Record extracts.
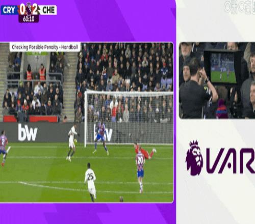 第58分鐘,康沃禁區內手球,主裁判回看VAR判罰“黃點套餐”,恩佐一蹴而就。切爾西3比0水晶宮!
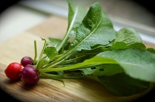 Get a bunch of radishes (about 40 to 50, he says, which sounds like a lot but who am I to say?), making sure the leaves are really fresh. Remove the leaves at the stem, throw them in the blender with a little water, and chop them on low. Put the mixture in a pot with some salted water, and cook over medium heat for as long as you like because he didn't specify. Meanwhile, boil two potatoes, mash them roughly, and add them to the pot. Season with 1/2 tsp (each) cumin, curry, and pepper and cook another 20 minutes or so on low. Add 1/4 liter of milk and 2 tsp creme fraiche, and a little more salt if necessary.
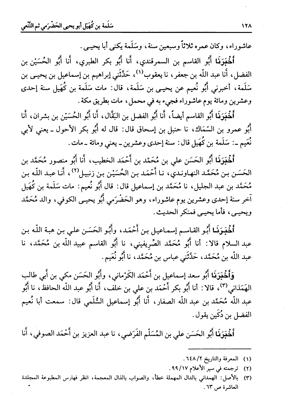 عاشوراء وكان عمره ثلاثا وسبعين سنة وسلمة يكنى أبا يحيى أخبرنا أبو القاسم بن السمرقندي أنا أبو بكر الطبري أنا أبو الحسين بن الفضل أنا عبد الله بن جعفر نا يعقوب (1) حدثني إبراهيم بن إسماعيل بن يحيى بن سلمة أخبرني أبو نعيم عن يحيى بن سلمة قال مات سلمة بن كهيل سنة إحدى وعشرين ومائة يوم عاشوراء فجئ به في محمل مات بطريق مكة أخبرنا أبو القاسم أيضا أنا أبو الفضل بن البقال أنا أبو الحسين بن بشران أنا أبو عمرو بن السماك نا حنبل بن إسحاق قال قال له أبو بكر الأحول يعني لأبي نعيم سلمة بن كهيل قال سنة إحدى وعشرين يعني ومائة مات أخبرنا أبو الحسن علي بن محمد بن أحمد الخطيب أنا أبو منصور محمد بن الحسن بن محمد النهاوندي نا أحمد بن الحسين بن زنبيل (2) أنا عبد الله بن محمد بن عبد الجليل نا محمد بن إسماعيل قال قال أبو نعيم مات سلمة بن كهيل آخر سنة إحدى وعشرين يوم عاشوراء وهو الحضرمي أبو يحيى الكوفي والد محمد ويحيى فأما يحيى فمنكر الحديث أخبرنا أبو القاسم إسماعيل بن أحمد وأبو الحسن علي بن هبة الله بن عبد السلام قالا أنا أبو محمد الصريفيني نا أبو القاسم عبيد الله بن محمد نا عبد الله بن محمد حدثني عباس بن محمد نا أبو نعيم وأخبرنا أبو سعد إسماعيل بن أحمد الكرماني وأبو الحسن مكي بن أبي طالب الهمذاني (3) قالا أنا أبو بكر احمد بن علي بن خلف أنا أبو عبد الله الحافظ نا أبو عبد الله محمد بن عبد الله الصفار أنا أبو إسماعيل السلمي قال سمعت أبا نعيم الفضل بن دكين يقول أخبرنا أبو الحسن علي بن المسلم الفرضي نا عبد العزيز بن أحمد الصوفي أنا
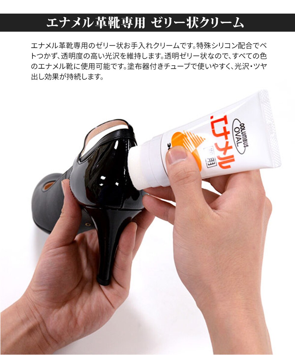 エナメル革靴専用のゼリー状お手入れクリームです。
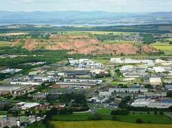 Shale bings near Broxburn, three of a total of 19 in West Lothian, Scotland
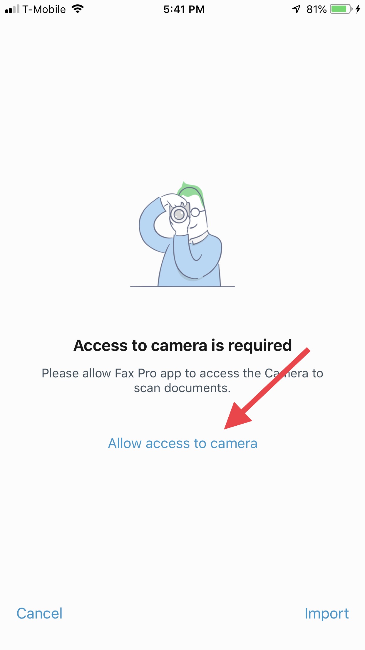 Tipp: Die Berechtigung muss nur einmal erteilt werden. Sie können den Zugriff in den Einstellungen Ihres iPhones unter Datenschutz > Kamera > Fax verwalten.
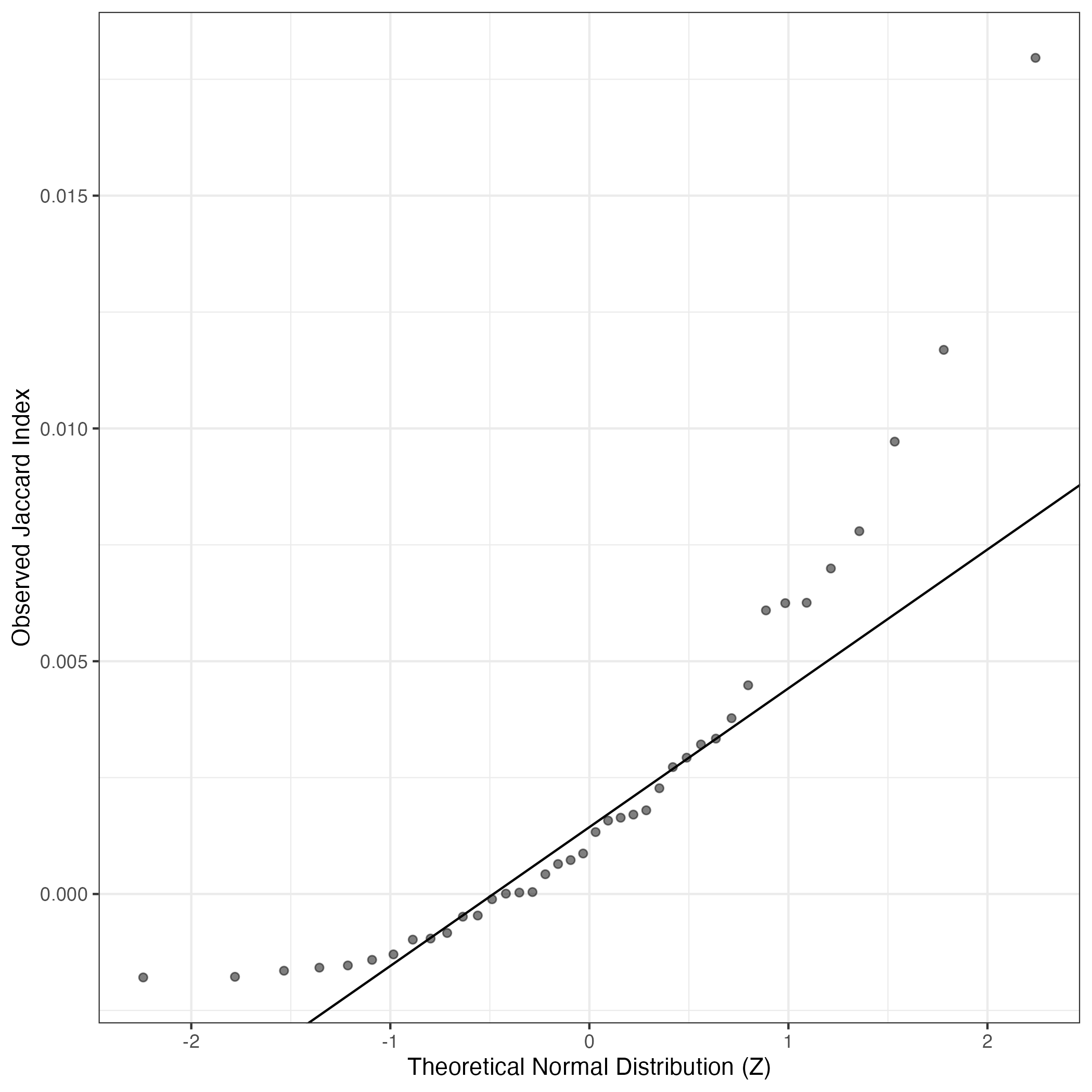 A similar QQ-plot as above, but only for instances where the H value is e.g. > 25, i.e. we are confident that the expression program is active above noise. Agreemenet between these binary vectors is tested using the Jaccard Index, with the P-values calculated by an exact test:

Problem details. Go through the listing above and retype it exactly, skipping every picture.

Answer box.
 第58分鐘,康沃禁區內手球,主裁判回看VAR判罰“黃點套餐”,恩佐一蹴而就。切爾西3比0水晶宮!
 Get a bunch of radishes (about 40 to 50, he says, which sounds like a lot but who am I to say?), making sure the leaves are really fresh. Remove the leaves at the stem, throw them in the blender with a little water, and chop them on low. Put the mixture in a pot with some salted water, and cook over medium heat for as long as you like because he didn't specify. Meanwhile, boil two potatoes, mash them roughly, and add them to the pot. Season with 1/2 tsp (each) cumin, curry, and pepper and cook another 20 minutes or so on low. Add 1/4 liter of milk and 2 tsp creme fraiche, and a little more salt if necessary.
 عاشوراء وكان عمره ثلاثا وسبعين سنة وسلمة يكنى أبا يحيى أخبرنا أبو القاسم بن السمرقندي أنا أبو بكر الطبري أنا أبو الحسين بن الفضل أنا عبد الله بن جعفر نا يعقوب (1) حدثني إبراهيم بن إسماعيل بن يحيى بن سلمة أخبرني أبو نعيم عن يحيى بن سلمة قال مات سلمة بن كهيل سنة إحدى وعشرين ومائة يوم عاشوراء فجئ به في محمل مات بطريق مكة أخبرنا أبو القاسم أيضا أنا أبو الفضل بن البقال أنا أبو الحسين بن بشران أنا أبو عمرو بن السماك نا حنبل بن إسحاق قال قال له أبو بكر الأحول يعني لأبي نعيم سلمة بن كهيل قال سنة إحدى وعشرين يعني ومائة مات أخبرنا أبو الحسن علي بن محمد بن أحمد الخطيب أنا أبو منصور محمد بن الحسن بن محمد النهاوندي نا أحمد بن الحسين بن زنبيل (2) أنا عبد الله بن محمد بن عبد الجليل نا محمد بن إسماعيل قال قال أبو نعيم مات سلمة بن كهيل آخر سنة إحدى وعشرين يوم عاشوراء وهو الحضرمي أبو يحيى الكوفي والد محمد ويحيى فأما يحيى فمنكر الحديث أخبرنا أبو القاسم إسماعيل بن أحمد وأبو الحسن علي بن هبة الله بن عبد السلام قالا أنا أبو محمد الصريفيني نا أبو القاسم عبيد الله بن محمد نا عبد الله بن محمد حدثني عباس بن محمد نا أبو نعيم وأخبرنا أبو سعد إسماعيل بن أحمد الكرماني وأبو الحسن مكي بن أبي طالب الهمذاني (3) قالا أنا أبو بكر احمد بن علي بن خلف أنا أبو عبد الله الحافظ نا أبو عبد الله محمد بن عبد الله الصفار أنا أبو إسماعيل السلمي قال سمعت أبا نعيم الفضل بن دكين يقول أخبرنا أبو الحسن علي بن المسلم الفرضي نا عبد العزيز بن أحمد الصوفي أنا
 エナメル革靴専用のゼリー状お手入れクリームです。
 Shale bings near Broxburn, three of a total of 19 in West Lothian, Scotland
 Tipp: Die Berechtigung muss nur einmal erteilt werden. Sie können den Zugriff in den Einstellungen Ihres iPhones unter Datenschutz > Kamera > Fax verwalten.
 A similar QQ-plot as above, but only for instances where the H value is e.g. > 25, i.e. we are confident that the expression program is active above noise. Agreemenet between these binary vectors is tested using the Jaccard Index, with the P-values calculated by an exact test:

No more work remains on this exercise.